Japan’s Nikkei extended gains after the world’s fourth largest economy approved a $1.1-trillion stimulus plan with banks, insurance companies and steel producers boosting the Nikkei 225 by 2.1%.
The South Korea benchmark Kospi was up 0.8% after the Bank of Korea cut interest rates by 25 basis points (bps) to a record low of 0.5%, while Australia’s S&P ASX 200 index leapt 2.4% on the back of gains by banking stocks.
But Hong Kong’s Hang Seng index fell 0.93% and the CSI 300 was down 0.44% after US Secretary of State Mike Pompeo told Congress overnight that Hong Kong no longer enjoys sufficient autonomy to justify continuing to treat it any differently from the People’s Republic of China.

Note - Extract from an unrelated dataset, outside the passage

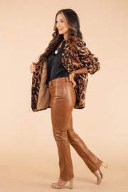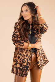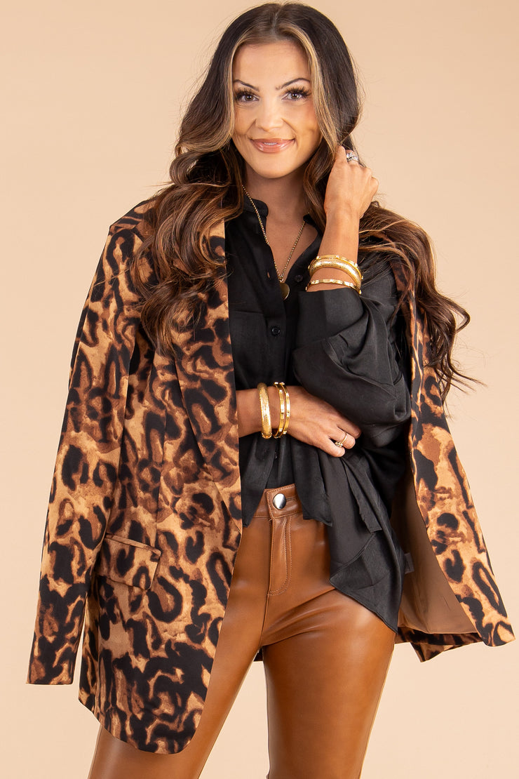 This luxurious leopard print blazer will take your style to the next level. Cut to perfection with breathable yet silky inner fabric, this piece features long sleeves, an open front, and a top collar. Reach for the stars in this chic and exclusive blazer.

“The implications for merchandise trade are actually very modest in their implications for the Hong Kong economy. 99% of Hong Kong exports to the US are re-exports from a third economy – mostly China – and are already taxed in the US on the basis of origin, not as Hong Kong goods,” Michael Spencer, chief economist at Deutsche Bank, said.
But he said there could be other implications for Hong Kong’s rating by the three global rating agencies, which have rated the city 1-3 notches higher than China.

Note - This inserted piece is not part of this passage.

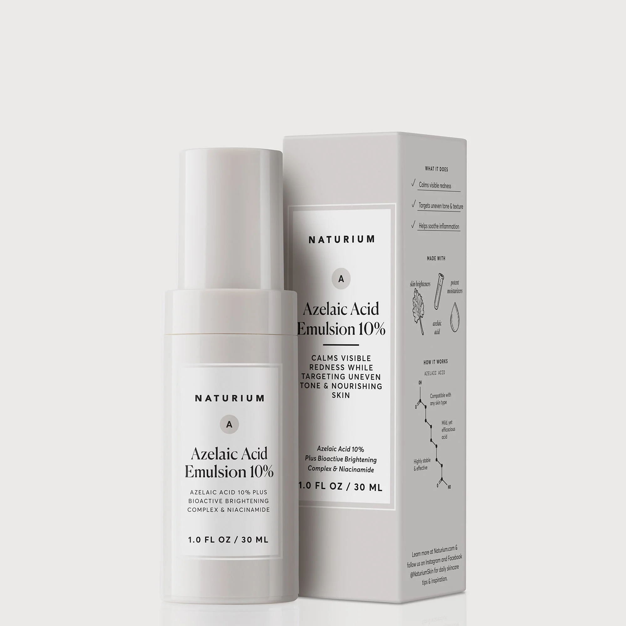 Our creamy, lightweight azelaic acid emulsion is formulated with a potent level of pure azelaic acid, a bioactive brightening complex, bio-retinol and niacinamide to help calm skin while minimizing the look of uneven tone and texture.

Capital investments ‘may have to leave’
“Likewise, if the US government is treating Hong Kong on par with China, perhaps equity index providers will do the same. Hong Kong is in the MSCI World index, for example, along with other developed markets. China is in the emerging markets index. Should Hong Kong be reclassified as an emerging market, along with Shanghai and Shenzhen, a very large share of capital invested in the Hong Kong market will have to leave,” he said.
Credit markets were strong with several deals in the primary market as issuers capitalised on investors’ hunger for yield. The Asia IG index was marginally tighter at 98/100 bps and sovereign CDS moved in 1-3 basis points.
Overnight the Dow Jones Industrial Average rose 2.21%, the S&P 500 SPX advanced 1.48%, and the Nasdaq Composite edged up 0.77%, driven by hopes of an economic recovery as lockdowns were eased.